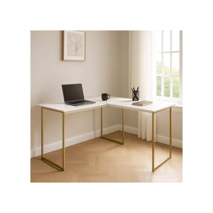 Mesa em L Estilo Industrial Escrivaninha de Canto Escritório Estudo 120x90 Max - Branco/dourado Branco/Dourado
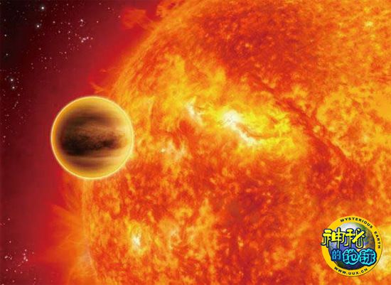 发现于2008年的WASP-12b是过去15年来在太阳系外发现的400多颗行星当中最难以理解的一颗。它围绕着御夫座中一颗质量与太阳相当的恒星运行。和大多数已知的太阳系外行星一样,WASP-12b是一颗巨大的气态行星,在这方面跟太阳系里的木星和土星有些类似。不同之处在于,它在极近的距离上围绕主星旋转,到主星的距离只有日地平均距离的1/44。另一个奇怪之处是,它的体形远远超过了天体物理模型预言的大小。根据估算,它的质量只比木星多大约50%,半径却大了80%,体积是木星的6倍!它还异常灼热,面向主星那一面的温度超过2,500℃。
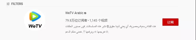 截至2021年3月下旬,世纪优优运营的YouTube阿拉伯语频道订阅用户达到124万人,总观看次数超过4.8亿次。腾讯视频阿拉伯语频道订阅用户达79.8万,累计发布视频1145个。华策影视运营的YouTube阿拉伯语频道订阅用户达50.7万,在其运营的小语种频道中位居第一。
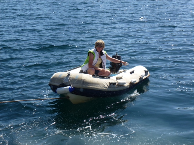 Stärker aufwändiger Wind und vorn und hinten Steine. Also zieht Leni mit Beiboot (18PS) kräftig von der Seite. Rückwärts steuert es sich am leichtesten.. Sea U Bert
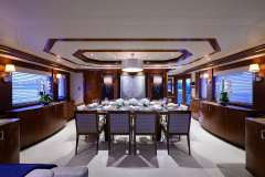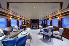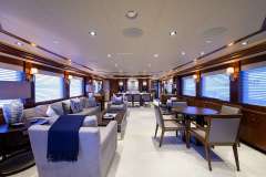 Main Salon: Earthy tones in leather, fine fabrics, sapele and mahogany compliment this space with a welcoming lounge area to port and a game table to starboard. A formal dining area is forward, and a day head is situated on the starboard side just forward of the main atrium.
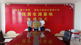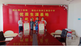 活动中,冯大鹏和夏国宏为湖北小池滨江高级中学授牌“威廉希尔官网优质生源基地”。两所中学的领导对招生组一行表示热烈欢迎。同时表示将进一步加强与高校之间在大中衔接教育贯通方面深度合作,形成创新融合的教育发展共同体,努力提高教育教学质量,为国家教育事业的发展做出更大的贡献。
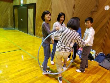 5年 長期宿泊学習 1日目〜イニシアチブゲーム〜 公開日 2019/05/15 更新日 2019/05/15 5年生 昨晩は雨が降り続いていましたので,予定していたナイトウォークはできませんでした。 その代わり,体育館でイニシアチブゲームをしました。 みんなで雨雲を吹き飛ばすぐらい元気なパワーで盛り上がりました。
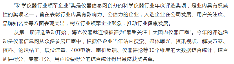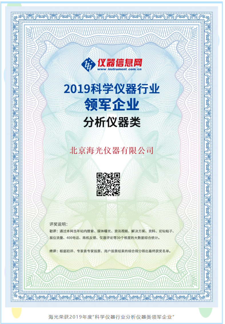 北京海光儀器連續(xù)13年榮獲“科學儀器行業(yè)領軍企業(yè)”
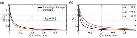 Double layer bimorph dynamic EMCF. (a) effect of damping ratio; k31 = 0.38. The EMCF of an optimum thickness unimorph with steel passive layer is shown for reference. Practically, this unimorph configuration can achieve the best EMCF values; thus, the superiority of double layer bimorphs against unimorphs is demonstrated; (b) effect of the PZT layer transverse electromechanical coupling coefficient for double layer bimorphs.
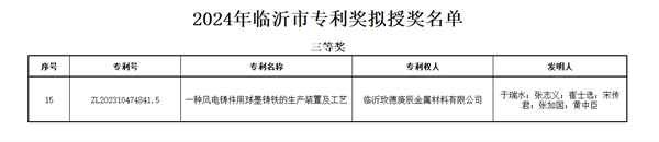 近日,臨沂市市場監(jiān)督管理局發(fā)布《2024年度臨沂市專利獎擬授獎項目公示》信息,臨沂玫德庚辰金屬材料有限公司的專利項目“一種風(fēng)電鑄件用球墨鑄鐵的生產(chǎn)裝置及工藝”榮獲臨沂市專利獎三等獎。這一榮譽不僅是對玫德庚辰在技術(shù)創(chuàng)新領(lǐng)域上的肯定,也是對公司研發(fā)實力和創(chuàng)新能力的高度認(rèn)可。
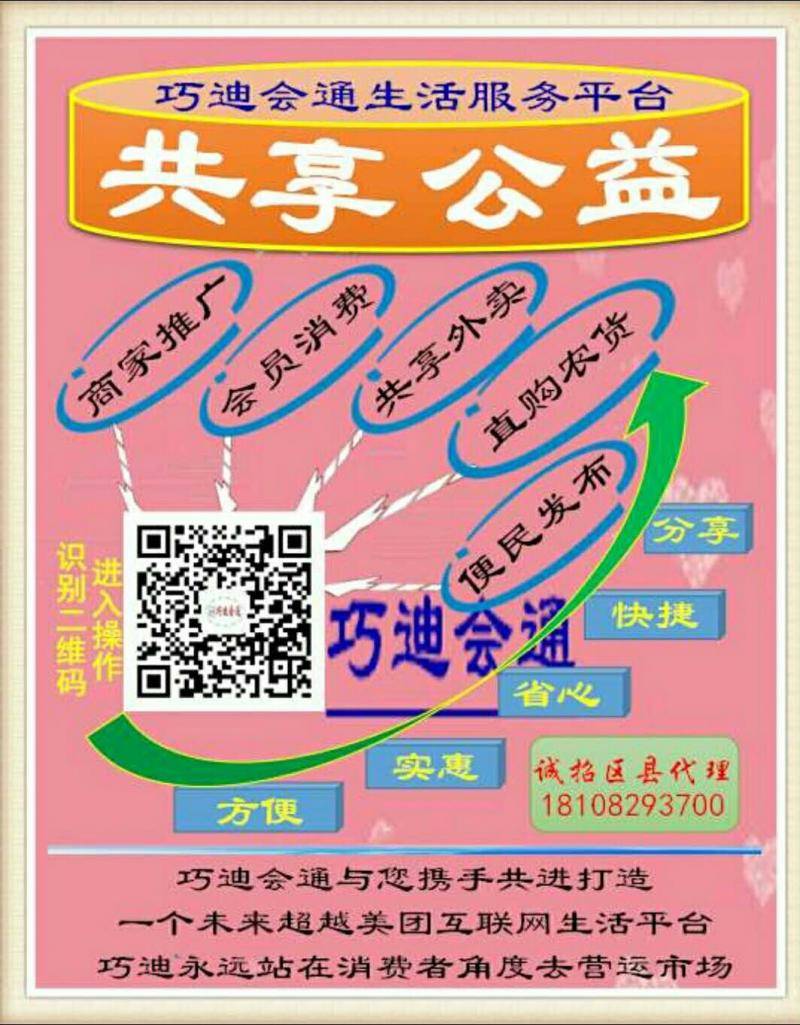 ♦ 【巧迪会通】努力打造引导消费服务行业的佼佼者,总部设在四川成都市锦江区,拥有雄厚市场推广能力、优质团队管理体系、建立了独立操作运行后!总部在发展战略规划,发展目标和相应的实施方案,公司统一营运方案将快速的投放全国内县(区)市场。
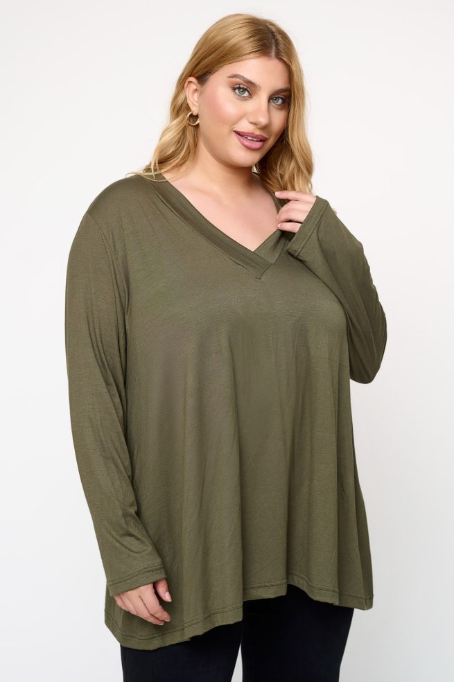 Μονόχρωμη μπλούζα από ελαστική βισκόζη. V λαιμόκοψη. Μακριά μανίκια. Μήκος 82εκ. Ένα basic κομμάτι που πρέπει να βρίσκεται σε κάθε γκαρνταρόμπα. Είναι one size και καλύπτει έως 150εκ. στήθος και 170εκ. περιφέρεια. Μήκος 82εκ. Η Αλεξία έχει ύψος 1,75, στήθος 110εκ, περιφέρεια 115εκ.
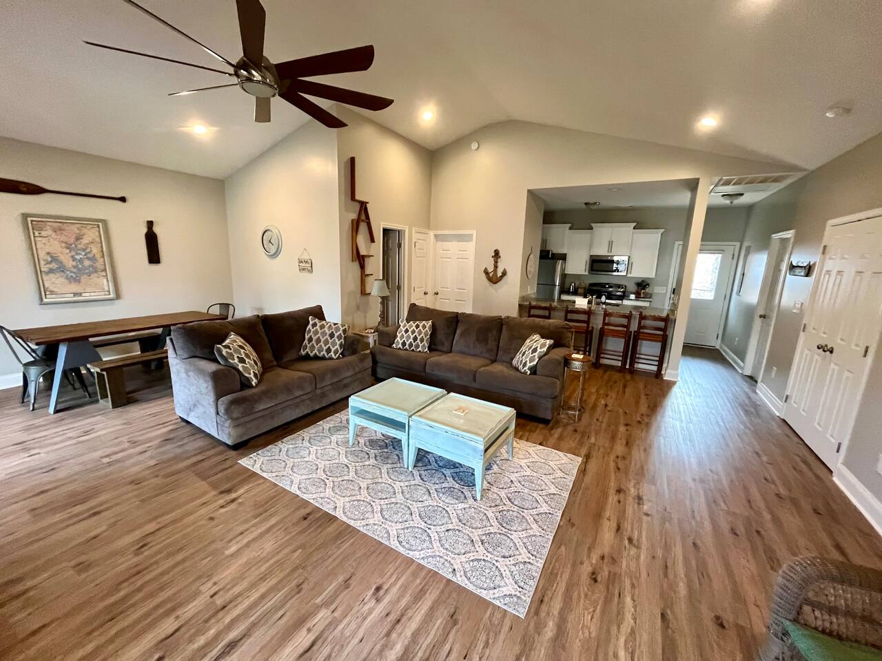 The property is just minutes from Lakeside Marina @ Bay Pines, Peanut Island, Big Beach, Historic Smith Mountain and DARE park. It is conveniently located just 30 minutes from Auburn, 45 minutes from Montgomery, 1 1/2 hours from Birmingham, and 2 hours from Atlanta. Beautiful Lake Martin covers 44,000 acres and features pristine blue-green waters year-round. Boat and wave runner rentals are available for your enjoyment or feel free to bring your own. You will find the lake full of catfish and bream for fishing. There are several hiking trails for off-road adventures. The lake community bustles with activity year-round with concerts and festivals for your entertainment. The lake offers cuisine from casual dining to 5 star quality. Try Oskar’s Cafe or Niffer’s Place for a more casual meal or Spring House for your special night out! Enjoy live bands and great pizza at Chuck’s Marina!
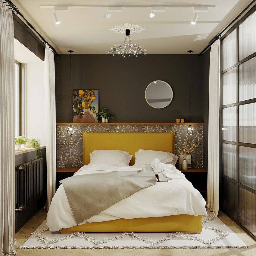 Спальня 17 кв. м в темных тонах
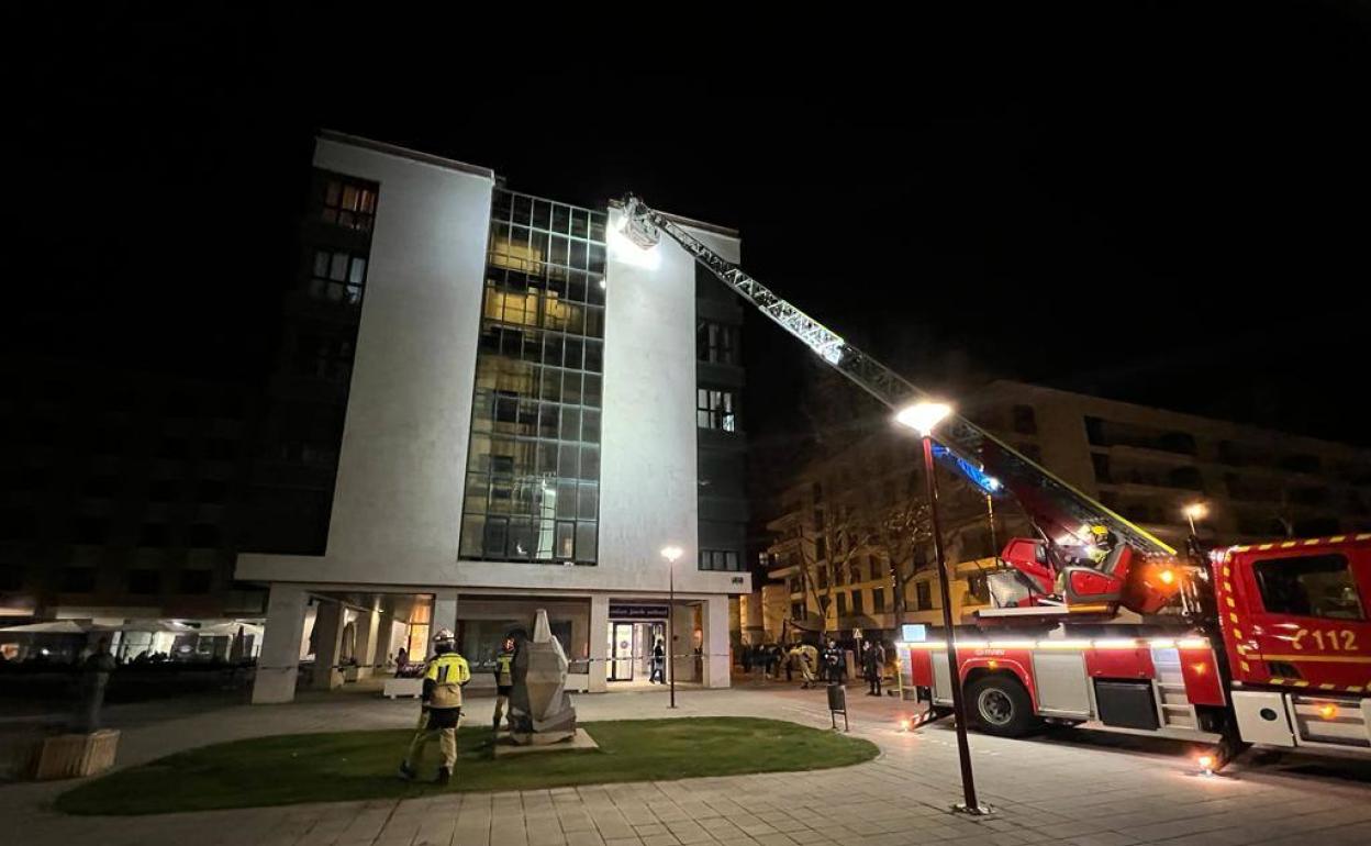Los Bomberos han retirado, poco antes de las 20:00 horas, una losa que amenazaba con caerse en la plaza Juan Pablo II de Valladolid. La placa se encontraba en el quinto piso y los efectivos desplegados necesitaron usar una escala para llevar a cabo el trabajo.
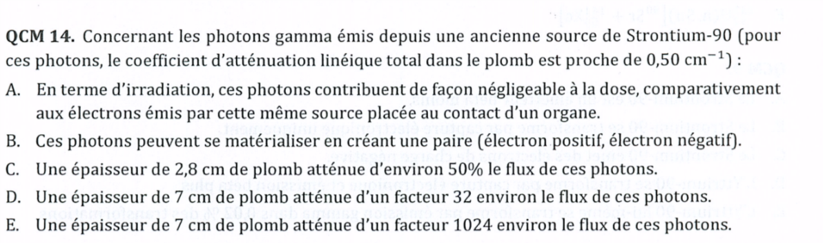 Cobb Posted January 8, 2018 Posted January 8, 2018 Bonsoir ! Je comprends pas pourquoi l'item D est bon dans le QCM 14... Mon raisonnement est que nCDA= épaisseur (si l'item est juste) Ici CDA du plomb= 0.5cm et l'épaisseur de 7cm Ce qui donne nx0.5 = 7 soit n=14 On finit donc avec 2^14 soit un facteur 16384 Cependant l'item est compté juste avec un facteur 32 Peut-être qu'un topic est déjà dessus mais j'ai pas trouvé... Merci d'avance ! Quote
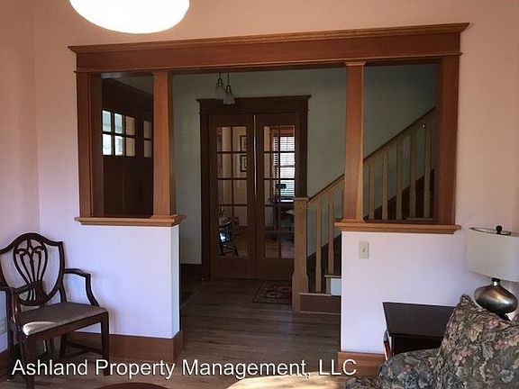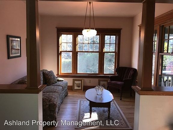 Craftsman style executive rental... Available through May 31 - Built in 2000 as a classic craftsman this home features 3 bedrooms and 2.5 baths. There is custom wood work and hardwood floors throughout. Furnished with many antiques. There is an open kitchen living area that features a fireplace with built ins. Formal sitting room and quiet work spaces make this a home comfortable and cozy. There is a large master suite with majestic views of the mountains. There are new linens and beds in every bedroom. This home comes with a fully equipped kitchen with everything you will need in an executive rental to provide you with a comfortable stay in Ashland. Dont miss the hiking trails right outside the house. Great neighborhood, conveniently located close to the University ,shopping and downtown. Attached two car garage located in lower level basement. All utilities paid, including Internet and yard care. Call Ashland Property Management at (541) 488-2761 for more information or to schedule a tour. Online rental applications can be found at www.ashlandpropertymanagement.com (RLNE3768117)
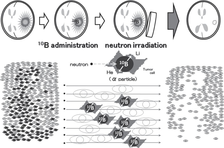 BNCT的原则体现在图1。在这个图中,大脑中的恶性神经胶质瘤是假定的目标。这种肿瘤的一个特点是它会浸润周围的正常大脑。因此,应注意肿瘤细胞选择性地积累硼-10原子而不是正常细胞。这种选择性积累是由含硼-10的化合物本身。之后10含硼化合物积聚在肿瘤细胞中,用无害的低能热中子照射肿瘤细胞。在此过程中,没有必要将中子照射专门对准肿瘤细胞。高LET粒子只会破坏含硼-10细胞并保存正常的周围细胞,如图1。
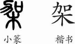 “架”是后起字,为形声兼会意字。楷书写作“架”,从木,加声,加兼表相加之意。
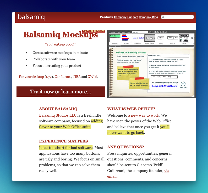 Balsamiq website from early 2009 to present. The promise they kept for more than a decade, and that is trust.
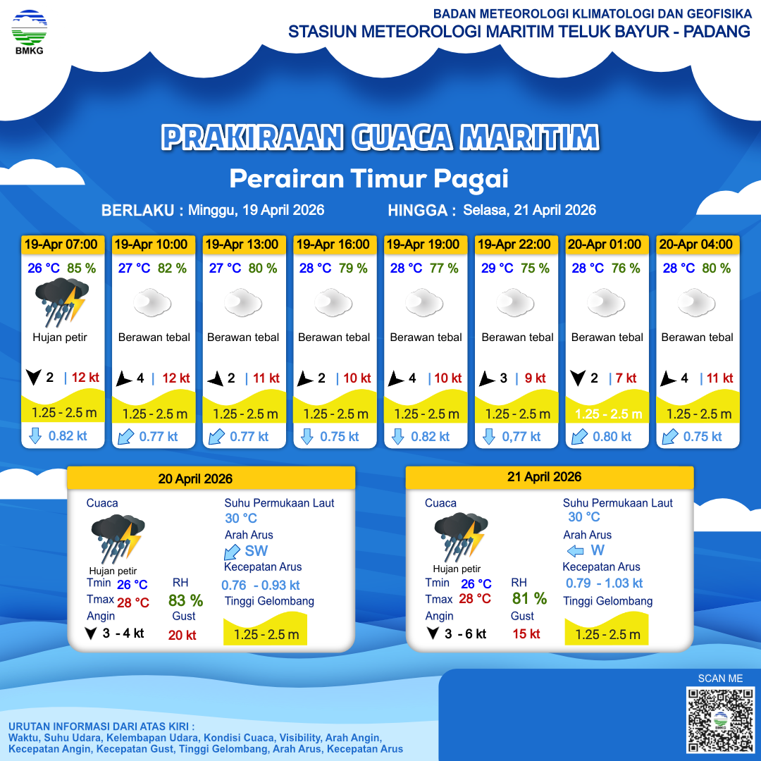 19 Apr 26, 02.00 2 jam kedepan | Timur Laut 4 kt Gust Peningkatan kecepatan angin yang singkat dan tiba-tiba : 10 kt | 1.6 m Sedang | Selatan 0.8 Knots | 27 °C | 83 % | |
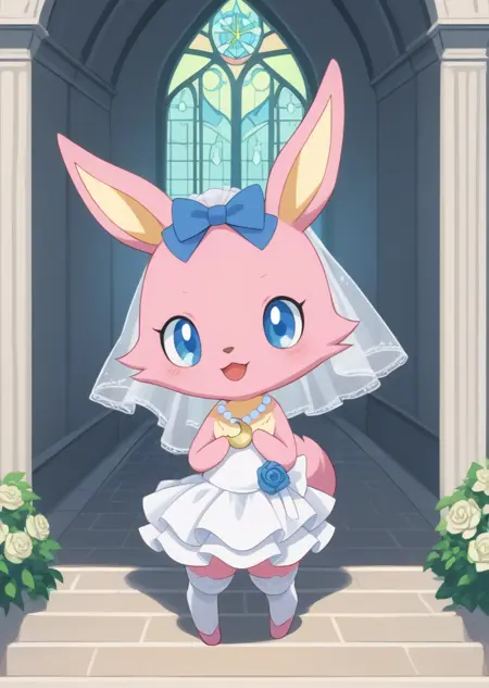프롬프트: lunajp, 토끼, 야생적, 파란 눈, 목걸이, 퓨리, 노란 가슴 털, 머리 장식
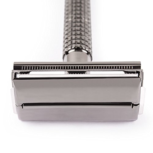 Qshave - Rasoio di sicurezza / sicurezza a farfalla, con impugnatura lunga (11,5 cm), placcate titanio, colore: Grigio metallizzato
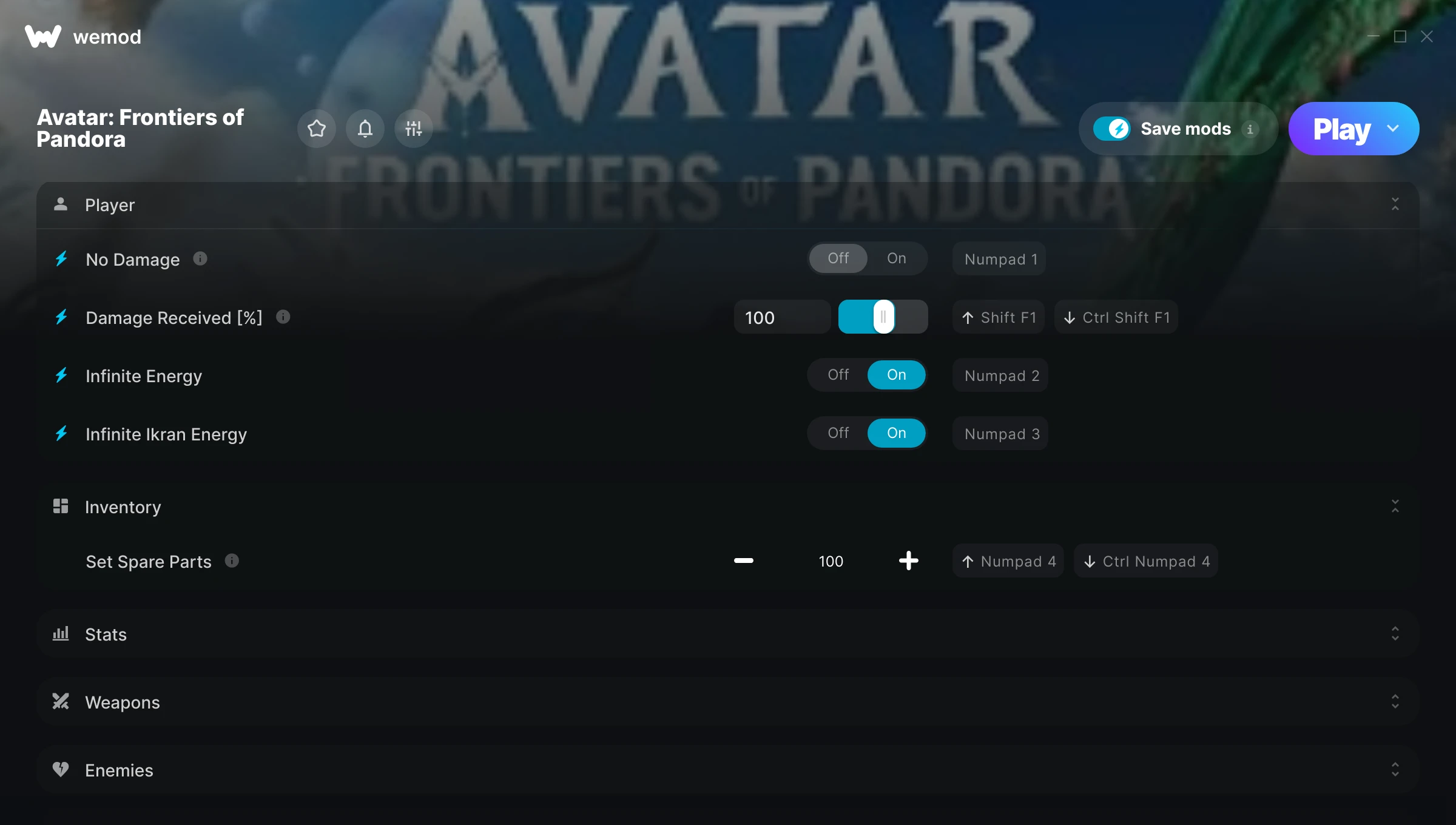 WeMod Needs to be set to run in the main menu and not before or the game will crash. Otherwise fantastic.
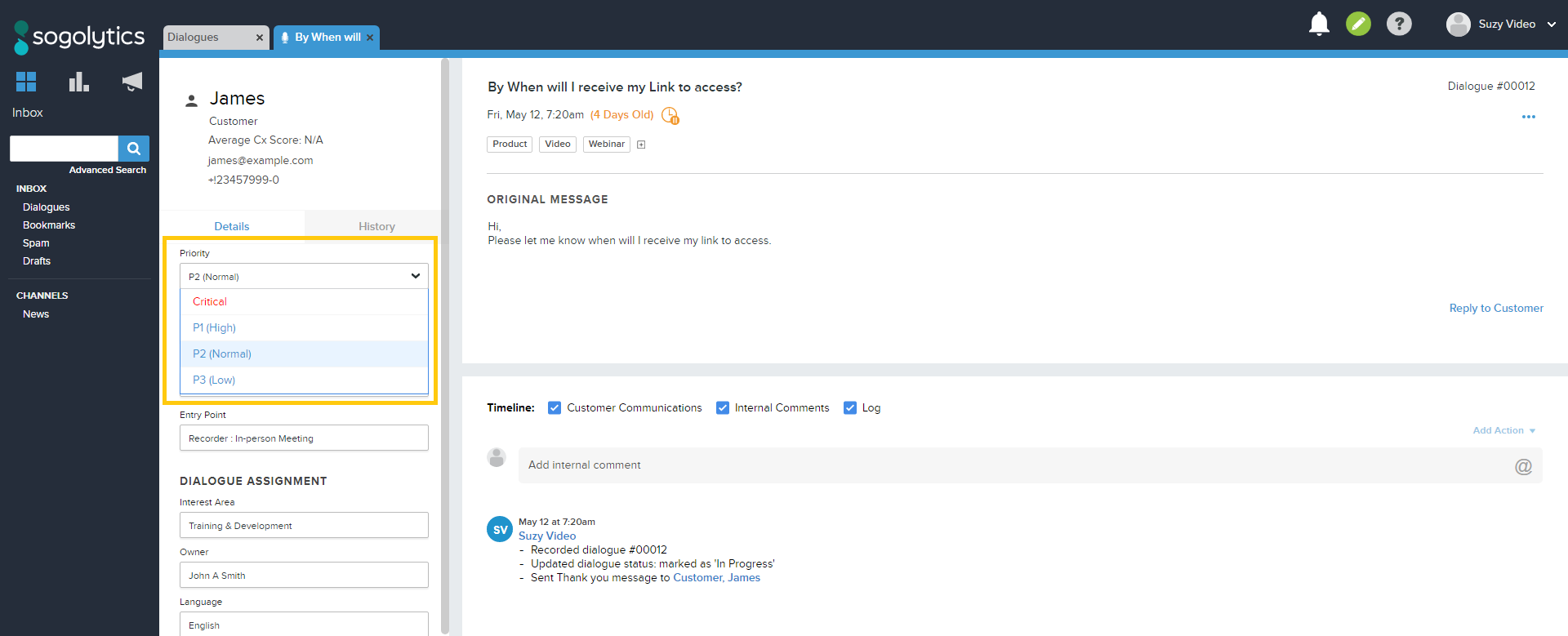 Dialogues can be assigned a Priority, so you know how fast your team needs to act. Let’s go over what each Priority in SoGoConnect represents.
──────────
• **What to produce**
With pictures excluded, reproduce exactly the lines above from the one containing "近日,臨沂市市場監(jiān" down to the one containing "The property is", those two included.

• **Answer below**
 近日,臨沂市市場監(jiān)督管理局發(fā)布《2024年度臨沂市專利獎擬授獎項目公示》信息,臨沂玫德庚辰金屬材料有限公司的專利項目“一種風(fēng)電鑄件用球墨鑄鐵的生產(chǎn)裝置及工藝”榮獲臨沂市專利獎三等獎。這一榮譽不僅是對玫德庚辰在技術(shù)創(chuàng)新領(lǐng)域上的肯定,也是對公司研發(fā)實力和創(chuàng)新能力的高度認(rèn)可。
 ♦ 【巧迪会通】努力打造引导消费服务行业的佼佼者,总部设在四川成都市锦江区,拥有雄厚市场推广能力、优质团队管理体系、建立了独立操作运行后!总部在发展战略规划,发展目标和相应的实施方案,公司统一营运方案将快速的投放全国内县(区)市场。
 Μονόχρωμη μπλούζα από ελαστική βισκόζη. V λαιμόκοψη. Μακριά μανίκια. Μήκος 82εκ. Ένα basic κομμάτι που πρέπει να βρίσκεται σε κάθε γκαρνταρόμπα. Είναι one size και καλύπτει έως 150εκ. στήθος και 170εκ. περιφέρεια. Μήκος 82εκ. Η Αλεξία έχει ύψος 1,75, στήθος 110εκ, περιφέρεια 115εκ.
 The property is just minutes from Lakeside Marina @ Bay Pines, Peanut Island, Big Beach, Historic Smith Mountain and DARE park. It is conveniently located just 30 minutes from Auburn, 45 minutes from Montgomery, 1 1/2 hours from Birmingham, and 2 hours from Atlanta. Beautiful Lake Martin covers 44,000 acres and features pristine blue-green waters year-round. Boat and wave runner rentals are available for your enjoyment or feel free to bring your own. You will find the lake full of catfish and bream for fishing. There are several hiking trails for off-road adventures. The lake community bustles with activity year-round with concerts and festivals for your entertainment. The lake offers cuisine from casual dining to 5 star quality. Try Oskar’s Cafe or Niffer’s Place for a more casual meal or Spring House for your special night out! Enjoy live bands and great pizza at Chuck’s Marina!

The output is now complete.